I think on the supply side, you're starting to hear some more discussions around that deficit issue. But we do have a refunding announcement in a few weeks. Our expectation, this is going to be a very strong tax season. If anything, I see possibility that deficit expectations are actually marked down.
And also, at least in our forecast-- and I think Treasury's been fairly clear in communicating this-- they're not increasing their coupon auction sizes for some considerable amount of time. So you kind of take that, I think, out of the backdrop. And I do wonder if that refunding is actually going to help kind of cool markets, help settle us into this kind of new hire range, without really retesting that high from late last year.
JULIE HYMAN: Do you think there's going to be adequate demand for the upcoming auctions? There was a 10-year auction recently that was a little wobbly.
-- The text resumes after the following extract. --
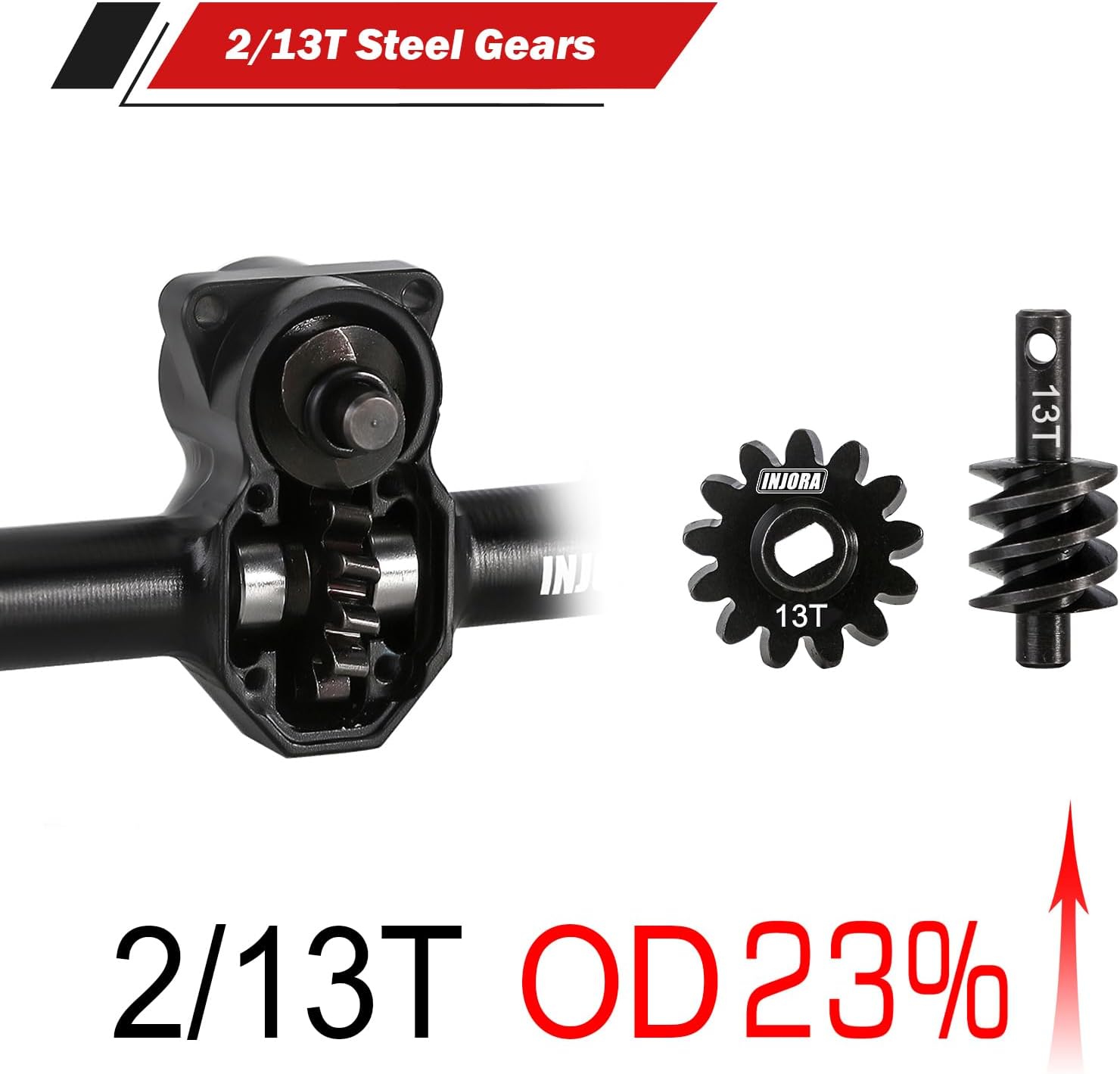 - Die Vorderachse ist mit einem 13T-Stahlzahnrad (Overdrive 23%) ausgestattet, das Ihr Fahrzeug vorne schneller antreibt und das Klettern verbessert sowie Überschläge reduziert. Das hintere Zahnrad hat 16T.

BLAKE GWINN: Yeah, we've had some tails. But overall, I mean, I think even as Treasury has increased all of these auctions, you know, they went on this campaign where they increased auction sizes for multiple quarters. Overall, we've taken it down pretty well. I think you've had some individual auctions that maybe go better or poorer.
But overall, we've come out of those situations with yields in pretty good shape. One of the worst 30-year auctions, I remember everybody said, oh, this is, you know, it had a huge tail. Everybody said, this is it.
We can't take it down. By the end of the week, we were unchanged on 30-year yield. So, it's tough for me to really think that that's a huge problem.
JULIE HYMAN: Makes sense. Blake, thanks for coming in.